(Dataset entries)

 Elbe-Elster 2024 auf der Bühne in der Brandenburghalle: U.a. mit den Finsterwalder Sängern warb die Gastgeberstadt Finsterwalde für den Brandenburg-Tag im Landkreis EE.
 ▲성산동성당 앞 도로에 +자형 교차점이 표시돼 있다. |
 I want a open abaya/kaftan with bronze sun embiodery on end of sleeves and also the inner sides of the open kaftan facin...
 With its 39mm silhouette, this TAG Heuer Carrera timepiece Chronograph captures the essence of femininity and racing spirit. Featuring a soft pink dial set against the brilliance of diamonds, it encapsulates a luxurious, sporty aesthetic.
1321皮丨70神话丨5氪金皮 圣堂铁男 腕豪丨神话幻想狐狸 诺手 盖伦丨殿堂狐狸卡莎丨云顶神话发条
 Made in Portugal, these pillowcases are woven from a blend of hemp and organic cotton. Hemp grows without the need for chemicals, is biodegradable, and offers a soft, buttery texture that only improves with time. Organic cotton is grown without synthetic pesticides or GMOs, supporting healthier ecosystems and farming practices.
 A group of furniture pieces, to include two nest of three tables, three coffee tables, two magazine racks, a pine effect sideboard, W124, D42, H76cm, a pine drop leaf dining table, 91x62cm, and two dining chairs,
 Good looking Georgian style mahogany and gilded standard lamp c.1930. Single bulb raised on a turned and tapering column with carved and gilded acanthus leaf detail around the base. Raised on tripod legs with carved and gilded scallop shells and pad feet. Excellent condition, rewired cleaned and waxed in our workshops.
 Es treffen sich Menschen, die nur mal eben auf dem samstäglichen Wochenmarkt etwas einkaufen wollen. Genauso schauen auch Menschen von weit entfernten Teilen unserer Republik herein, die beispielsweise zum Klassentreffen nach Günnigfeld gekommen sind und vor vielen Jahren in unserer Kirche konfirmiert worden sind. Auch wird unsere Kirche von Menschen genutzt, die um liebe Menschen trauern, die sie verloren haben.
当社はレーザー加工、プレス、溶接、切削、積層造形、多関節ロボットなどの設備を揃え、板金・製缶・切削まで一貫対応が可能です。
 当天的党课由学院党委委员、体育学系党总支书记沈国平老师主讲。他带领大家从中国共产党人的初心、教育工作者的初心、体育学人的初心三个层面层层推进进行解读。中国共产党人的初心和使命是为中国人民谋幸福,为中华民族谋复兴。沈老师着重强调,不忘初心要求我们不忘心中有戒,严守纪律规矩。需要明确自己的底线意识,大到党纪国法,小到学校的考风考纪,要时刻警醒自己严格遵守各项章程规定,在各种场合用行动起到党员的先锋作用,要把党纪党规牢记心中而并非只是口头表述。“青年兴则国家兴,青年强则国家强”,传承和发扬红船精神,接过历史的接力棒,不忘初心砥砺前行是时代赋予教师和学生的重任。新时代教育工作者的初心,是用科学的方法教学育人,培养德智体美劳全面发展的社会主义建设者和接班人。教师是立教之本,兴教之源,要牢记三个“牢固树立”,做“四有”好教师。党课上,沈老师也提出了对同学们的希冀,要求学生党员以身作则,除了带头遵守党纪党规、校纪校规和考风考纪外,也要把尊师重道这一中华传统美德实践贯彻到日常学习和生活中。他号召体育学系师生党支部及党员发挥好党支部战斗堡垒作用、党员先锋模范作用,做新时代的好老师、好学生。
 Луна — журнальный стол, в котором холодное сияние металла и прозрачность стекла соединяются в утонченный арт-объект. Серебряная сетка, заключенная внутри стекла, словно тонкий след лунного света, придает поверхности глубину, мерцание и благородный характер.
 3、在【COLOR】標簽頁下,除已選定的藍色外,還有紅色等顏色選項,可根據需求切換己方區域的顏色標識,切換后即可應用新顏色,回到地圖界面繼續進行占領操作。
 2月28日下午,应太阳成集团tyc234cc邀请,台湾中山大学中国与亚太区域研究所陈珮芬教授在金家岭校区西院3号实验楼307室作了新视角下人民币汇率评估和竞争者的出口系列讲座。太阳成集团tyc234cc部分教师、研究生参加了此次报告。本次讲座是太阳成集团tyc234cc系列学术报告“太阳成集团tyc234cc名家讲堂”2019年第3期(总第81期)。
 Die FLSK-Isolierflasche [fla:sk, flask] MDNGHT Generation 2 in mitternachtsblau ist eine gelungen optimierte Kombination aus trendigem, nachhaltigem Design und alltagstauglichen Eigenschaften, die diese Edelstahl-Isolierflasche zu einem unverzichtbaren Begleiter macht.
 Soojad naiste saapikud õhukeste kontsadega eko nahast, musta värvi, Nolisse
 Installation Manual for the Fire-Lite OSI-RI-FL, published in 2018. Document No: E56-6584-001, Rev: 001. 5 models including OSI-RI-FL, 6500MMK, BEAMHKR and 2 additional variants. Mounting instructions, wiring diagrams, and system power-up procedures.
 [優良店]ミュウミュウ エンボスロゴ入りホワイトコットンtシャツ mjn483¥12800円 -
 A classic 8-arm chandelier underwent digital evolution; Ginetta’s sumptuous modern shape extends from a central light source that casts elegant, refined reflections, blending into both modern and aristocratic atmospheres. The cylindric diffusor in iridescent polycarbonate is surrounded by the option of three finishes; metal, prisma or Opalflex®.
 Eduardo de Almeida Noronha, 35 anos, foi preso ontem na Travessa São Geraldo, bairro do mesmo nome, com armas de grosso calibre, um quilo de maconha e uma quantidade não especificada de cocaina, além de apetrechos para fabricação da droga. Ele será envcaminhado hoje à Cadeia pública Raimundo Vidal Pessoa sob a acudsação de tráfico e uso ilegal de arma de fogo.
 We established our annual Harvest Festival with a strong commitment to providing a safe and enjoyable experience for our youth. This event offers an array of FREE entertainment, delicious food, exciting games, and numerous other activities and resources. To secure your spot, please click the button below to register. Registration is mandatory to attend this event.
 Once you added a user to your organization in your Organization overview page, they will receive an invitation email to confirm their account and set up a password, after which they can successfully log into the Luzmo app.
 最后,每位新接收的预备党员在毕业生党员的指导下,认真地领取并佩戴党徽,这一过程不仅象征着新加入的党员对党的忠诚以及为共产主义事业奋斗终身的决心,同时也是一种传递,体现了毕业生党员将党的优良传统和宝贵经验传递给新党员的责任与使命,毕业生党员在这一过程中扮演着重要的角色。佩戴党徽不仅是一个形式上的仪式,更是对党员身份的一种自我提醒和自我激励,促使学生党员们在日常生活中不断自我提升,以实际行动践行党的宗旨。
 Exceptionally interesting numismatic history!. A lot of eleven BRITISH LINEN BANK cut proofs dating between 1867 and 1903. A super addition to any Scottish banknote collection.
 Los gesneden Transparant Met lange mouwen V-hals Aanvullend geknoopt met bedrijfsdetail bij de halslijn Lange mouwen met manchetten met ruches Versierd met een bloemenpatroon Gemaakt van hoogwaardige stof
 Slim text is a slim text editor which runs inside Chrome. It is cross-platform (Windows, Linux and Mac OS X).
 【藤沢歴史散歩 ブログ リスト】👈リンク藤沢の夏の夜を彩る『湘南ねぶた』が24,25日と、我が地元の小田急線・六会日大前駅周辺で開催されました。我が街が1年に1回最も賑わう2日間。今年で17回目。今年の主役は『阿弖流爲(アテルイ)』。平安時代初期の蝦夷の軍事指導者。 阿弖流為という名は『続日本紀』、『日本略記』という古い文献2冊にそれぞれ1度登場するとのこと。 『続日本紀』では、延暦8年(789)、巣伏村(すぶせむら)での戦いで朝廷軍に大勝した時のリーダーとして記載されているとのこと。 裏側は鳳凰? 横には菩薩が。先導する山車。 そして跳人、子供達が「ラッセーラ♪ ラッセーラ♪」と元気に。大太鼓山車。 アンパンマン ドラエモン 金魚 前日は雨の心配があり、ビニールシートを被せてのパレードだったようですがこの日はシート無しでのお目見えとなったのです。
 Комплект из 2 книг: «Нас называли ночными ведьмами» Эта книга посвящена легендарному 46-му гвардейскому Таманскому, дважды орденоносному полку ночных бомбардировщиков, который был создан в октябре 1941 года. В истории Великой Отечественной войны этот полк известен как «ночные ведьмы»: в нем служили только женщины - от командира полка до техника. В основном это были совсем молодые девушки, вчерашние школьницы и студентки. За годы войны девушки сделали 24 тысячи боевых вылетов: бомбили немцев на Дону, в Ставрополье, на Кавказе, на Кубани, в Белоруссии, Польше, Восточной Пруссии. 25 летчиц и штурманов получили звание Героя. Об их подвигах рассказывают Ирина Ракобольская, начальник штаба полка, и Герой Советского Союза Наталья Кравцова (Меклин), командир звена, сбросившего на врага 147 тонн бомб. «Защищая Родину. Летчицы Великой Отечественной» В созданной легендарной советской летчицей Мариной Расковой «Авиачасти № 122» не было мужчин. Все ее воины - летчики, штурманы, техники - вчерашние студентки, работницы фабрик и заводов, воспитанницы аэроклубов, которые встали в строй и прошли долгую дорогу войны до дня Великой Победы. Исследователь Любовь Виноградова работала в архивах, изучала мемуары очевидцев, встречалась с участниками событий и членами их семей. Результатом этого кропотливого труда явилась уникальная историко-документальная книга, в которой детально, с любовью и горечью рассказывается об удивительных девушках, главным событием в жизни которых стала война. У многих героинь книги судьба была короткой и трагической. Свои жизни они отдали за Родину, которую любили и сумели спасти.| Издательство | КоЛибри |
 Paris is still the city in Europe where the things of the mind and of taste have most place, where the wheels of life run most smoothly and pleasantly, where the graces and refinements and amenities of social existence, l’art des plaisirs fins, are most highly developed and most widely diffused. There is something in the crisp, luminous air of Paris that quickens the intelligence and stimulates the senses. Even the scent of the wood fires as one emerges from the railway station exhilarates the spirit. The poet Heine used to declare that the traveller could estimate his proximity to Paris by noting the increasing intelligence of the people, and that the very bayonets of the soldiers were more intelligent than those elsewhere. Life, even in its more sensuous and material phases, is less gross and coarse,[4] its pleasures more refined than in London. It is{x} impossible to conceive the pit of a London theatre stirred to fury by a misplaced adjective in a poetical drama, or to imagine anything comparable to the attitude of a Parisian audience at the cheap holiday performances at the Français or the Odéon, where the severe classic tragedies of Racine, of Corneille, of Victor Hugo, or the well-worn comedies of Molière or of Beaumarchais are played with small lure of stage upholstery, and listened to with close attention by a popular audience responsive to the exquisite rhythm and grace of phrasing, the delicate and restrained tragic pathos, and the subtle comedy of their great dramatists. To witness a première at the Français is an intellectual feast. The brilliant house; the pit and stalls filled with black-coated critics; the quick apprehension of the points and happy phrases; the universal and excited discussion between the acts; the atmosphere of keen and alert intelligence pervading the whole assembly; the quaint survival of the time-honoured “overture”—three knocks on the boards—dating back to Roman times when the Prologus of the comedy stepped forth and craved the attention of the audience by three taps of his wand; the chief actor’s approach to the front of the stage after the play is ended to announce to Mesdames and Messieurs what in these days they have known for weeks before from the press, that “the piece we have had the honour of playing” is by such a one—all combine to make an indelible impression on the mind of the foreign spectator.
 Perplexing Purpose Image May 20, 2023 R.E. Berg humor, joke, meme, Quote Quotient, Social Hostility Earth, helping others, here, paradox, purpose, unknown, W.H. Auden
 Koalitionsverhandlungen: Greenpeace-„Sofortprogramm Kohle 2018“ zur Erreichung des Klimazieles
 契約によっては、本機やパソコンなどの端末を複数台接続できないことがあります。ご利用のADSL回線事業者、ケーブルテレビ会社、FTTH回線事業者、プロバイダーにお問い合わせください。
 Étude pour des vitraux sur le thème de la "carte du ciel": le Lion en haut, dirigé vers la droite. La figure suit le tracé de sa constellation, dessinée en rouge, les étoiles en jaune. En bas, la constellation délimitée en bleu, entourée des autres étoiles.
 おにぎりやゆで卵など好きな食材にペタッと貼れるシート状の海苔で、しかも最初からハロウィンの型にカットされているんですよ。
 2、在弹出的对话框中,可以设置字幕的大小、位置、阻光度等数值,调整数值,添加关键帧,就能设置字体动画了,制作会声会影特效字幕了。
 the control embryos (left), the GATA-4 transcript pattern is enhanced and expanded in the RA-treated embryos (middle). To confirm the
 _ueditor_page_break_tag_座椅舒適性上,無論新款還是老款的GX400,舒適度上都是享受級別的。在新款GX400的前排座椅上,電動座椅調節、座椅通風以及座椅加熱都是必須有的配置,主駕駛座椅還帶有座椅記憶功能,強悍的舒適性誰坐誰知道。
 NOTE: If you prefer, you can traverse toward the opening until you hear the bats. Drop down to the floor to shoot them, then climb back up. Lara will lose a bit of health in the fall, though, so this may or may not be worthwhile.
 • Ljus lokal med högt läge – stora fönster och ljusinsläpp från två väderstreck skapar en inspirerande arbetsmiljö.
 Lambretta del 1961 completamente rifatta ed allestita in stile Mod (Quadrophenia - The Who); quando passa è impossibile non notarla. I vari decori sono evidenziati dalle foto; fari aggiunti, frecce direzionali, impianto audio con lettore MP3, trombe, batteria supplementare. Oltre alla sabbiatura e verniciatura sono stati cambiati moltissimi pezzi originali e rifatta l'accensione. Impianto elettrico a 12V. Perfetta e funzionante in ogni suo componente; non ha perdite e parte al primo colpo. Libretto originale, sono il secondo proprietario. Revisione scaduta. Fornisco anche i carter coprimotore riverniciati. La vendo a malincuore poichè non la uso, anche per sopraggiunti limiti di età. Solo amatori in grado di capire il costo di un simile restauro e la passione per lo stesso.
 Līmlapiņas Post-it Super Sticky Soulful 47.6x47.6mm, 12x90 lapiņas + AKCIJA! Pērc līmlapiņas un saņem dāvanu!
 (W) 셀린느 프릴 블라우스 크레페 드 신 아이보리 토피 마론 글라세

# HOW TO COMPLETE THIS TASK
Could you output exactly the lines from the one containing "the control embryos" to the end of the entries above, both included, and no others?

# ANSWER TO THIS TASK
 the control embryos (left), the GATA-4 transcript pattern is enhanced and expanded in the RA-treated embryos (middle). To confirm the
 _ueditor_page_break_tag_座椅舒適性上,無論新款還是老款的GX400,舒適度上都是享受級別的。在新款GX400的前排座椅上,電動座椅調節、座椅通風以及座椅加熱都是必須有的配置,主駕駛座椅還帶有座椅記憶功能,強悍的舒適性誰坐誰知道。
 NOTE: If you prefer, you can traverse toward the opening until you hear the bats. Drop down to the floor to shoot them, then climb back up. Lara will lose a bit of health in the fall, though, so this may or may not be worthwhile.
 • Ljus lokal med högt läge – stora fönster och ljusinsläpp från två väderstreck skapar en inspirerande arbetsmiljö.
 Lambretta del 1961 completamente rifatta ed allestita in stile Mod (Quadrophenia - The Who); quando passa è impossibile non notarla. I vari decori sono evidenziati dalle foto; fari aggiunti, frecce direzionali, impianto audio con lettore MP3, trombe, batteria supplementare. Oltre alla sabbiatura e verniciatura sono stati cambiati moltissimi pezzi originali e rifatta l'accensione. Impianto elettrico a 12V. Perfetta e funzionante in ogni suo componente; non ha perdite e parte al primo colpo. Libretto originale, sono il secondo proprietario. Revisione scaduta. Fornisco anche i carter coprimotore riverniciati. La vendo a malincuore poichè non la uso, anche per sopraggiunti limiti di età. Solo amatori in grado di capire il costo di un simile restauro e la passione per lo stesso.
 Līmlapiņas Post-it Super Sticky Soulful 47.6x47.6mm, 12x90 lapiņas + AKCIJA! Pērc līmlapiņas un saņem dāvanu!
 (W) 셀린느 프릴 블라우스 크레페 드 신 아이보리 토피 마론 글라세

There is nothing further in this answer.